Task goal
Start at the line that contains "Transform your dining" in the listing below and extract every line through the last, exactly; leave pictures out.

Given records
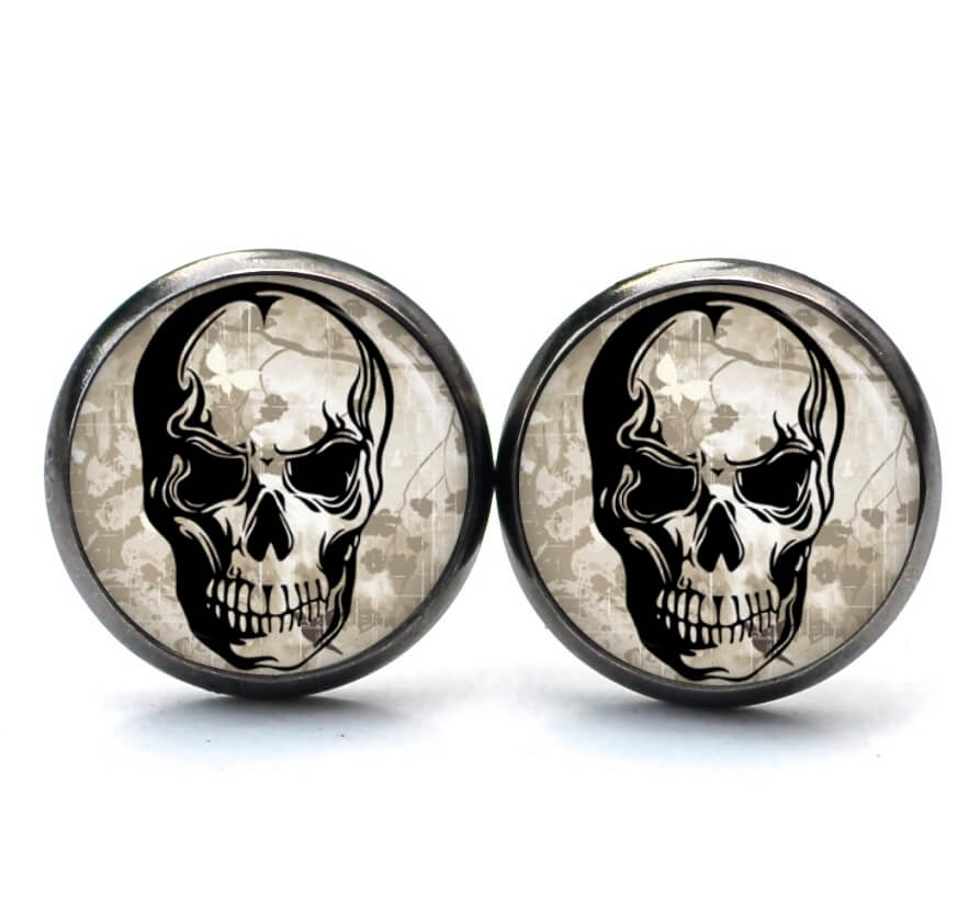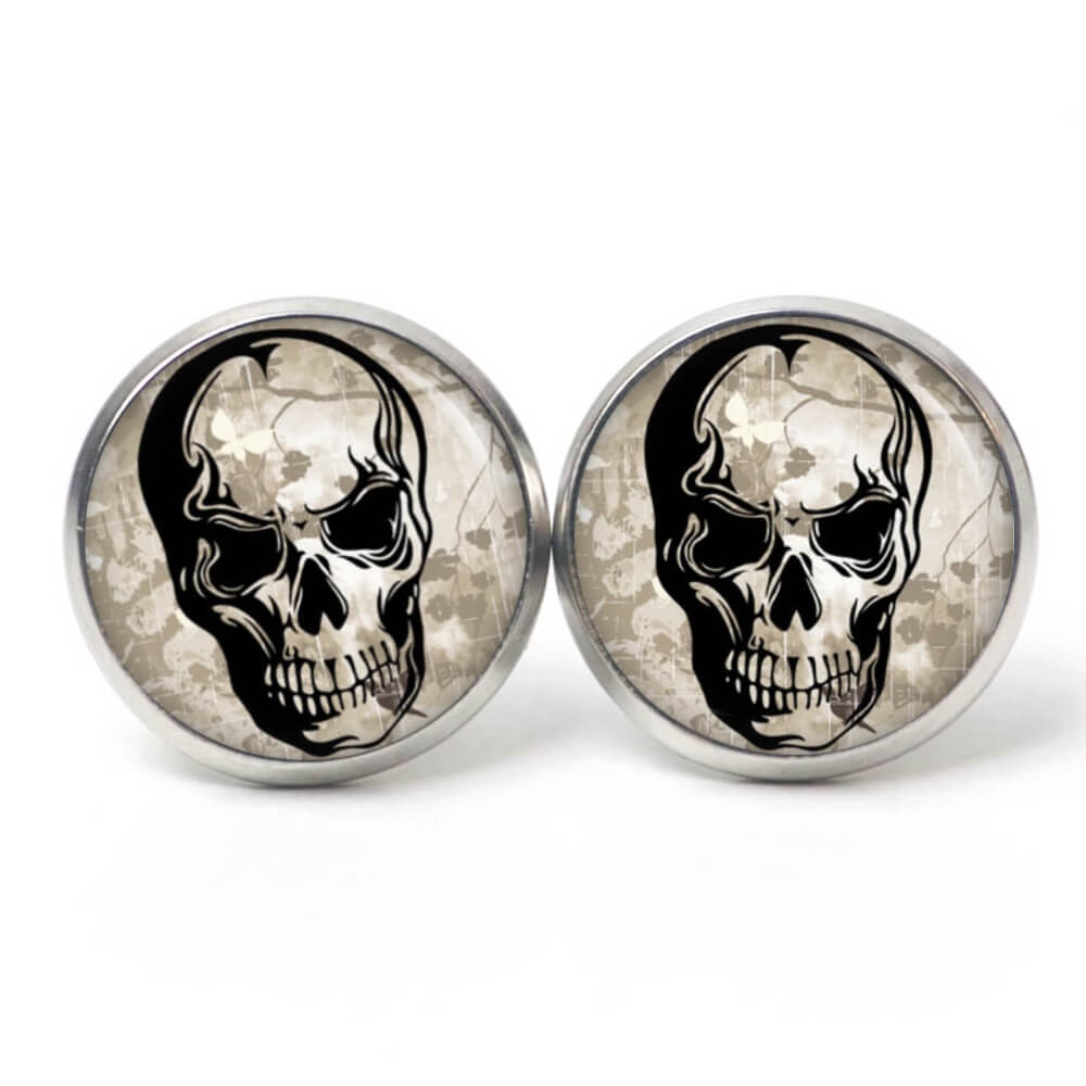 Ohrstecker, Ohrhänger, Clipse & Druckknopf – Motiv schwarzer Totenkopf – Schmuck aus Edelstahl
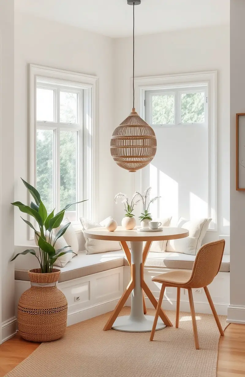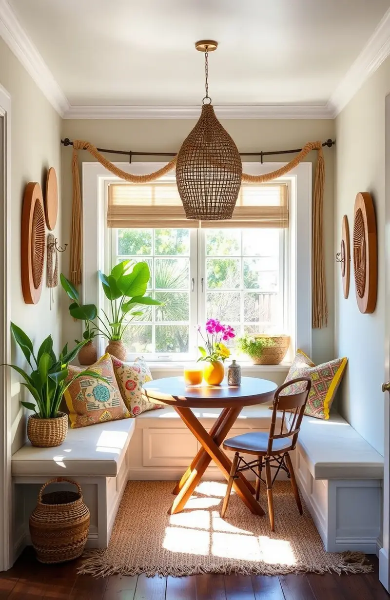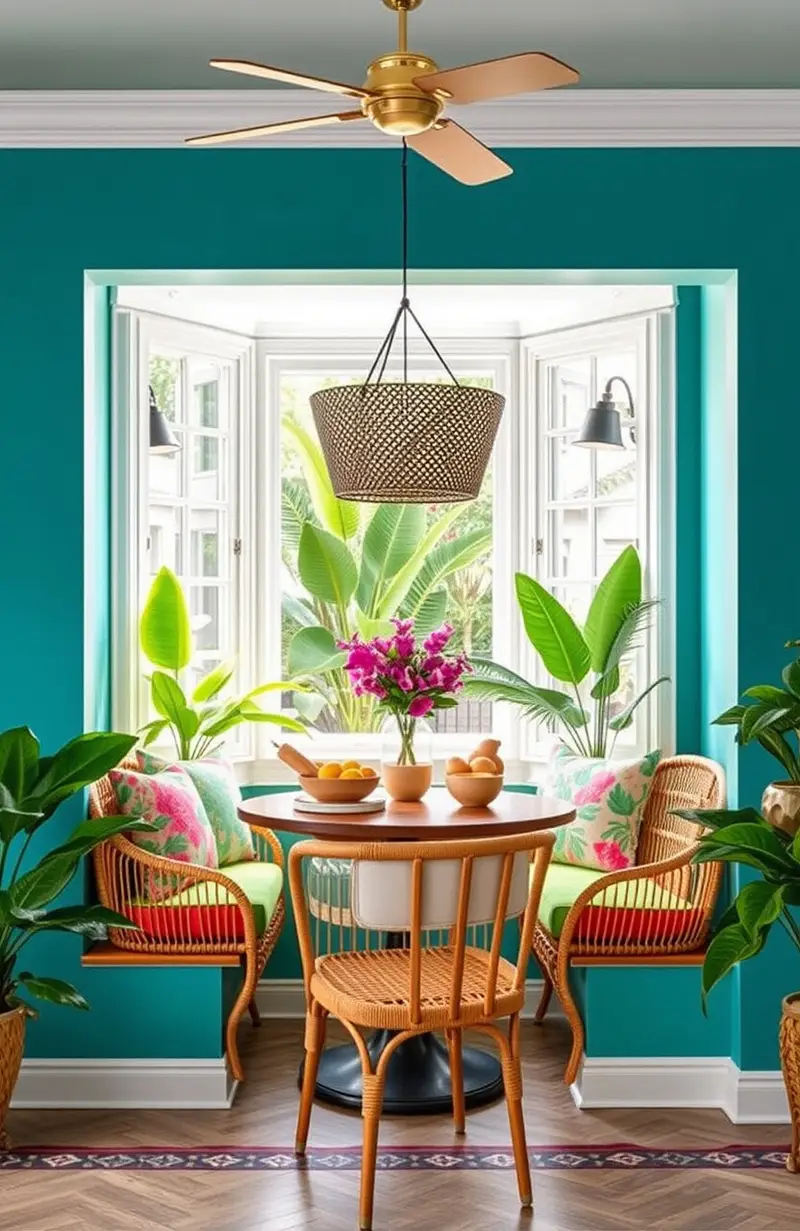 Transform your dining nook into a tropical paradise. Use vibrant colors, rattan furniture, and lush plants.
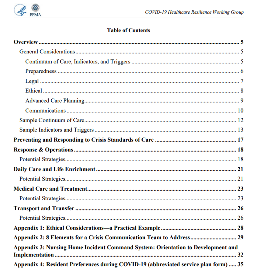 A new report from the federal COVID-19 Healthcare Resilience Working Group, COVID-19: Considerations, Strategies, and Resources for Crisis Standards of Care in Post-Acute and Long-Term Care (LTC) Facilities, says that PALTC facilities need to adjust operations and standards of care in order to preserve and effectively allocate limited facility and system resources.
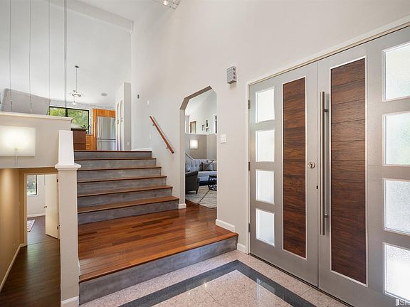 Tastefully updated 2,592 square foot, Custom Single Family Home uniquely situated on a serene, private cul-de-sac and surrounded by beautiful landscaping with many mature fruit bearing trees. Home features a desirable split level floor plan, soaring vaulted ceilings, an abundance of natural light, 4 large bedrooms, an office (5th bedroom) and 3.5 Baths. Property is generously equipped with: updated kitchen, high-end cabinetry and appliances, master suite with 2 person Jacuzzi tub, Walk-in closet with cedar blocks, guest bath with a steam shower, hardwood flooring, 2 fireplaces, wet bar and newly remodeled balcony. Ample space to spread out and host family and friends in the spacious formal living room, family room and large formal dining room. Home is conveniently located near Bart station, 680 Hwy, Parks and many shops.
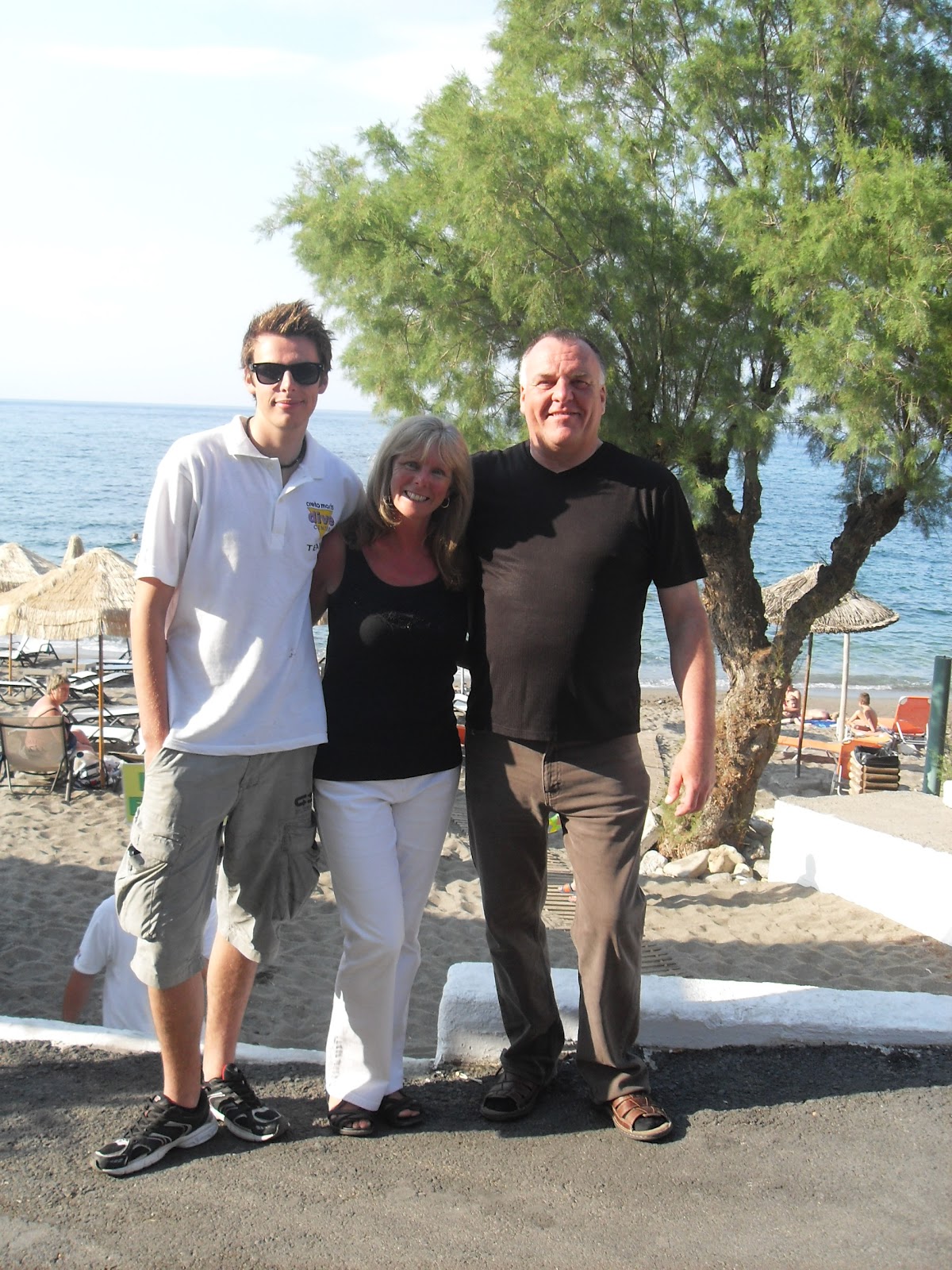 I didn’t make it back to bloggerland last Friday as I was away in Crete visiting Iain, son #3, who is working over there as a Scuba Diving Instructor. While we were away, Mr JH went diving every day with Iain and his team, while I soaked up the hot and wonderful Cretian sunshine on the beach and read my Kindle! It was also our wedding anniversary while we were there and we had a lovely time celebrating in a traditional taverna. This photo is of Iain, me, and Mr JH.

Written answer
 Transform your dining nook into a tropical paradise. Use vibrant colors, rattan furniture, and lush plants.
 A new report from the federal COVID-19 Healthcare Resilience Working Group, COVID-19: Considerations, Strategies, and Resources for Crisis Standards of Care in Post-Acute and Long-Term Care (LTC) Facilities, says that PALTC facilities need to adjust operations and standards of care in order to preserve and effectively allocate limited facility and system resources.
 Tastefully updated 2,592 square foot, Custom Single Family Home uniquely situated on a serene, private cul-de-sac and surrounded by beautiful landscaping with many mature fruit bearing trees. Home features a desirable split level floor plan, soaring vaulted ceilings, an abundance of natural light, 4 large bedrooms, an office (5th bedroom) and 3.5 Baths. Property is generously equipped with: updated kitchen, high-end cabinetry and appliances, master suite with 2 person Jacuzzi tub, Walk-in closet with cedar blocks, guest bath with a steam shower, hardwood flooring, 2 fireplaces, wet bar and newly remodeled balcony. Ample space to spread out and host family and friends in the spacious formal living room, family room and large formal dining room. Home is conveniently located near Bart station, 680 Hwy, Parks and many shops.
 I didn’t make it back to bloggerland last Friday as I was away in Crete visiting Iain, son #3, who is working over there as a Scuba Diving Instructor. While we were away, Mr JH went diving every day with Iain and his team, while I soaked up the hot and wonderful Cretian sunshine on the beach and read my Kindle! It was also our wedding anniversary while we were there and we had a lovely time celebrating in a traditional taverna. This photo is of Iain, me, and Mr JH.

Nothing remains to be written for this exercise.